Listen. This is not mere ratcheting up to some new level of improvement. This is massive renovation, massive transformation. Exactly what this entails is doubtless beyond our capacity to imagine. Exactly what the relationship is between the new heaven and the new earth and the old heaven and the old earth I can scarcely articulate. Yet there are hints, and they are all spectacular.

There’s no more sea. This is symbol-laden language. I’m from Canada. I was born in French Canada, but my parents were both born in the United Kingdom, an island nation. So I was brought up in literature that remembered island nation mythology. Do you know John Masefield’s “Sea Fever”?

I must go down to the seas again, to the lonely sea and the sky,

And all I ask is a tall ship and a star to steer her by.

The sea represented adventure, empire, and triumph. Not in the Old Testament: “The wicked are like the tossing sea … which churn up mud and mire.” That’s Isaiah 57. What do we read here? “I saw a new heaven and a new earth … and there was no more sea.” This is not talking about the hydrological details of resurrection existence. It’s a symbol-laden description of the absolute, utter, complete abolition of chaos, of evil, of mud and mire in all of its moral dimensions. “There was no longer any sea.”

B. The New Jerusalem. “I saw the Holy City, the new Jerusalem.” We have seen already that there is expectation of this from the Old Testament Scriptures, and the theme itself is going to be unpacked in a few moments. Right away you can’t help but remember (if you read your Bible at all) that the Holy City is not just any old city …

It’s the city of the Great King! It’s the city of the Davidic dynasty. It’s the city of the tabernacle, then the temple. This is the city where God rules and where God has provided a sacrificial system that addresses all of human sin and enmity. This is Jerusalem. Already that language, even apart from apocalyptic metaphor, is picked up in the New Testament.

The church, as we see in Hebrews, chapter 12, has already been gathered to the New Jerusalem. Galatians tells us (one of the first letters, if not the first, written in the New Testament) that we have come, too, to a New Jerusalem, the city of the Great King, the city of sacrifice. It’s a social vision.

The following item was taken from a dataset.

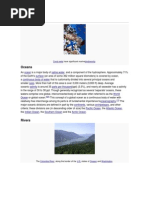 Coral reefs have significant marinebiodiversity. OCEANS Main article: Ocean An ocean is a major body of saline water, and a component of the hydrosphere. Approximately 71% of the Earth's surface (an area of some 362 million square kilometers) is covered by ocean, a continuous body of water that is customarily divided into several principal oceans and smaller seas. More than half of this area is over 3,000 meters (9,800 ft) deep. Average oceanic salinity is around 35 parts per thousand (ppt) (3.5%), and nearly all seawater has a salinity in the range of 30 to 38 ppt. Though generally recognized as several 'separate' oceans, these waters comprise one global, interconnected body of salt water often referred to as the World Ocean or global ocean. This concept of a global ocean as a continuous body of water with relatively free interchange among its parts is of fundamental importance

Some years ago, I was lecturing in Korea, and there were some students there in the school from India. On one occasion, I was having a meal with them. There was this particular chap from India who found out I was from Canada. He said, “How many citizens are there in Canada?” At the time I said, “There’s something like 28 million or something like that.”

“And Canada is big.”

“Yes, the land mass is considerably larger than the continental US.”

“You poor man.”

“I beg your pardon?”

“In my state, which is a very, very small state, we have 147 million. That’s wonderful. You only have 28 million, and you’re so big. You poor man!”

I thought, “Uh oh. There’s a culture clash going on here.” There are an awful lot of people in the Western world, when they think of retirement, they think of going out into the country and getting away: a little cottage by a lake, no near neighbors, peace and quiet, fishing, maybe five or ten miles to the nearest village where you can buy something. Maybe even your cell phone doesn’t work anymore. Blessed release.

Increasingly, there’s a new generation coming along that likes to be urban, but there’s an awful lot of this mythology of living out in the country in the Wild West and being away from people. That’s not the mythology of India! In the New Testament, cities are held up in ambivalent ways. We are inclined, because so many of us have come from rural stock and suburban areas, to think of the cities as cesspools of iniquity. In reality, cities just have more people. Where you have more people, you have more sinners, and you have more people acting righteously too, which is why in the book of Revelation there are two cities!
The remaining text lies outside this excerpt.